I’d find the darkest part of you and stay there. I’d make a home from the overgrown trees and the earthy smell of your soil. I’d hide myself in your deepest cave, and search for the cracks in its walls or the places where nothing but dark creatures live. I’d place my hand against your stone over and over until my hand print slowly formed. I’d find the ugly parts, the cold ones where sun just doesn’t reach, and I’d get comfortable there, in your shady darkness. And then, after feeling your unsteady parts, the parts where your ground just isn’t quite solid, id set fire to your dead trees. I’d start slowly, with those old dried out twigs, and move to your fallen branches until my fire covered your lifeless trees. I’d use every ounce of oxygen in my body just to stoke it. And once it was nothing but cinder, I’d clear the way. I’d use my hands to move the ashes away, and I’d find whatever water I could and I’d watch new life grow. If you were a mountain range, I’m sure I’d get lost trying to find the peaks, but id never give up, because my chest never stops pushing me forward and I’ve never felt such a pull towards something. If you were a mountain range, I’d touch each tree just to feel its bark, and I’d find every hidden lake or massive glacier and I’d sit, patiently, waiting for something to change. If you were a mountain range, I’d be your park ranger and I’d learn you from the tips of your peaks to the darkness of your caves and I’d never forget the way you looked at sunrise. Because I said I’d do that. And because even after all this, I keep trying. I just thought I’d let you know, if you were a mountain range, I’d build my home on you.

Sometimes,

It feels like trying to lift heavy objects with eye lashes, or attempting to drag something huge through thick melted chocolate by a thread. Whatever it actually is, you know it’ll snap easily. I’ve been alone recently. Like actually alone, not the whole cut yourself off from everyone alone because when you do that solitude isn’t actually achieved. My fingers feel weaker, and slippery. I tried holding your heart for longer than I should have. You’d think my lesson would have been learned after a month of silence, but your promise of home weighed down each individual rib in a comforting sort of sadness.
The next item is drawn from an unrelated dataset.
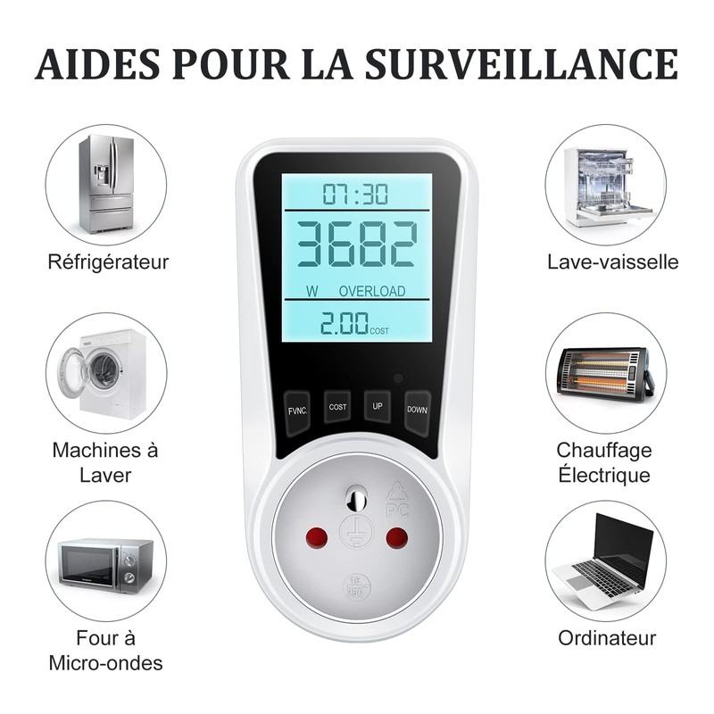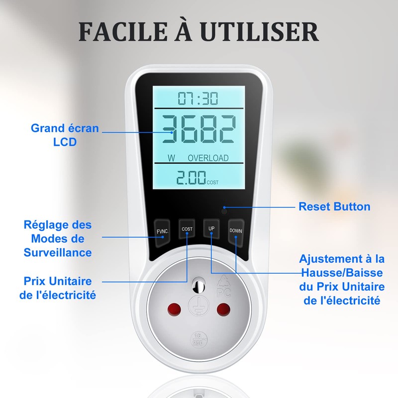 - Easy to use: just press the "FUNC" button to select the monitoring mode, press the "COST" button to adjust the current price, press the "UP" and "DOWN" buttons to set the price per unit for power. The "Reset" button allows you to clear all settings (including the price per item).

I don’t know what happened, where I lost it, but I looked down and what was left in my palms was nothing but old wounds reopened and salted. I feel like those thick green leaves that had started to bud and are now sinking with the weight of that snow. It looked so calm and clean, but what I realized is that frozen water is still water and whether it’s fast or still you can still drown. I tried for a while to just drink it, but my stomach is full and I’m left with a brain freeze that won’t go away.
Maybe its just midnight thoughts.
Maybe you didn’t mean to.
I’m shivering though, and it’d be nice if you could at least state that you were there. I can still feel you, whether you admit to it or not.

Maybe it’s just the day.

I wasn’t going to let you be a major part of my life, you know? I was just going to keep it simple, let things happen, but then you spent twenty minutes mumbling “there’s a chance I…. I might umm…. I think I….” and then you said it and those clean strings that were attaching you and me started to get a little messier. It always does when that word comes into it. I’m here. I’ll keep reminding you until you tell me to leave. It’s messy now, those strings are tangled, but I never did liked things to be neat and tidy all the time, so I guess it’s appropriate.